Set down the entries again word for word, without any of the images.

►

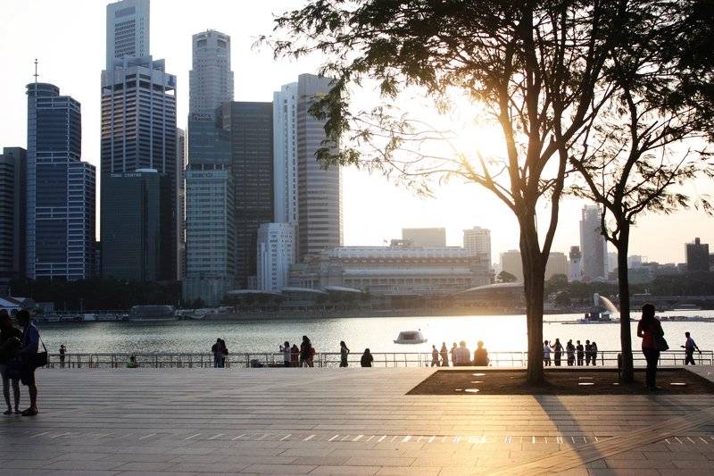 滨海湾金沙酒店的空中花园拥有无边泳池,站在上面可俯瞰滨海湾壮丽的城市景观。附近还有滨海湾花园,展示各种珍稀植物,夜晚灯光亮起时美轮美奂。
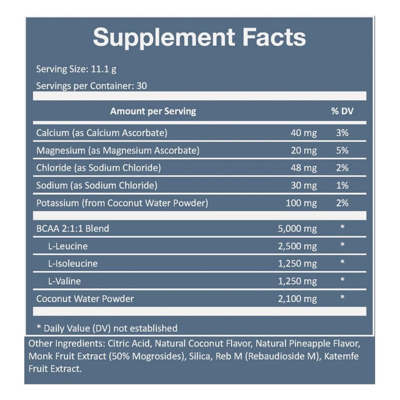 - Sunflower fermented BCAA's and the right ratio of electrolytes in the quantity your body needs for optimal hydration and performance, and 0g of sugar!
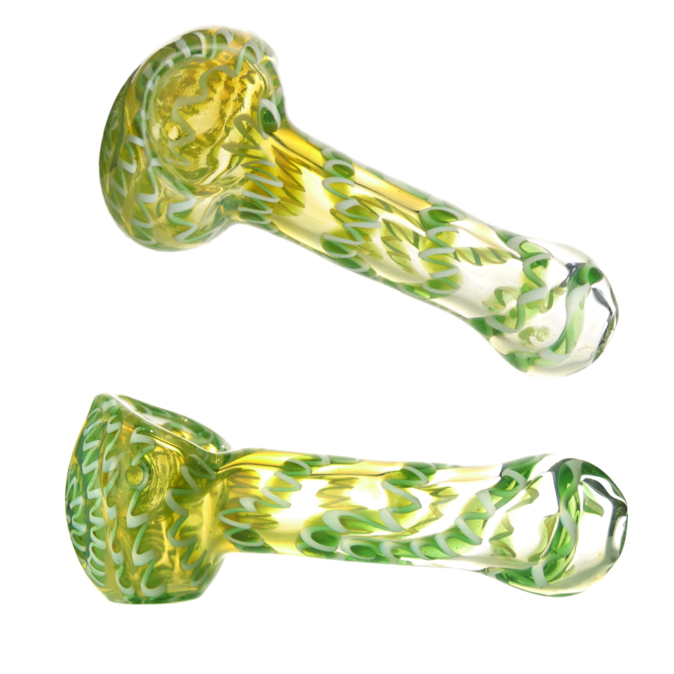 Glaspfeife mit Farbwechsel, grün/gelbe Wirbel, ca. 9 cm VE-6
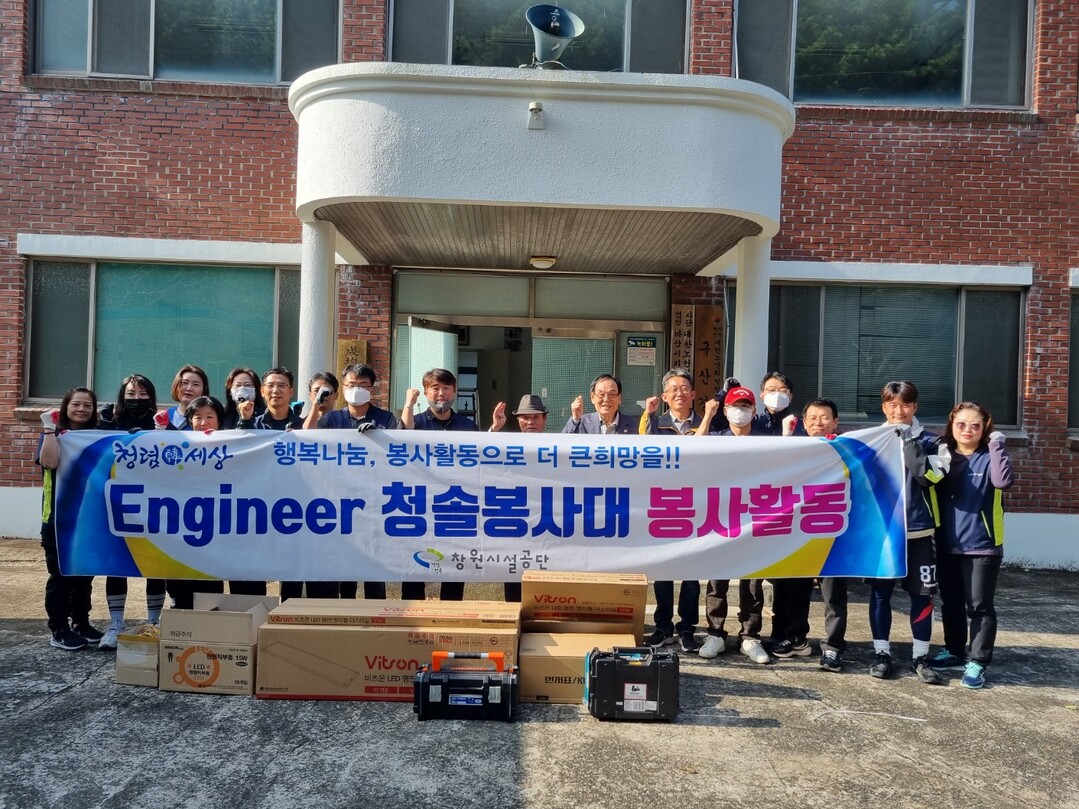 30일 창원시에 따르면 엔지니어청솔봉사대 대원 20여 명은 지난 28일 반동경로당을 찾아 전기시설 보수 및 물탱크 누수배관 교체 등 환경정비 작업을 벌였다.
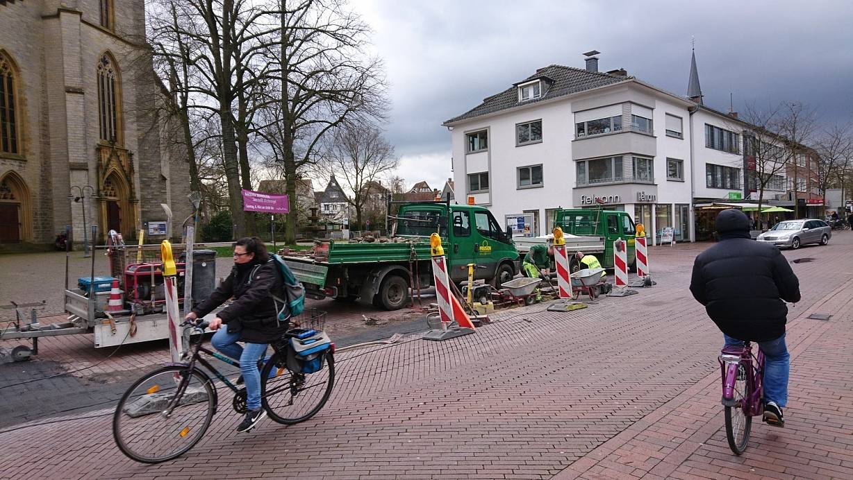 An der Berliner Straße vor der Martin-Luther-Kirche wurde das Pflaster ausgebessert. | © Rainer Holzkamp

◄

● OUTPUT
 滨海湾金沙酒店的空中花园拥有无边泳池,站在上面可俯瞰滨海湾壮丽的城市景观。附近还有滨海湾花园,展示各种珍稀植物,夜晚灯光亮起时美轮美奂。
 - Sunflower fermented BCAA's and the right ratio of electrolytes in the quantity your body needs for optimal hydration and performance, and 0g of sugar!
 Glaspfeife mit Farbwechsel, grün/gelbe Wirbel, ca. 9 cm VE-6
 30일 창원시에 따르면 엔지니어청솔봉사대 대원 20여 명은 지난 28일 반동경로당을 찾아 전기시설 보수 및 물탱크 누수배관 교체 등 환경정비 작업을 벌였다.
 An der Berliner Straße vor der Martin-Luther-Kirche wurde das Pflaster ausgebessert. | © Rainer Holzkamp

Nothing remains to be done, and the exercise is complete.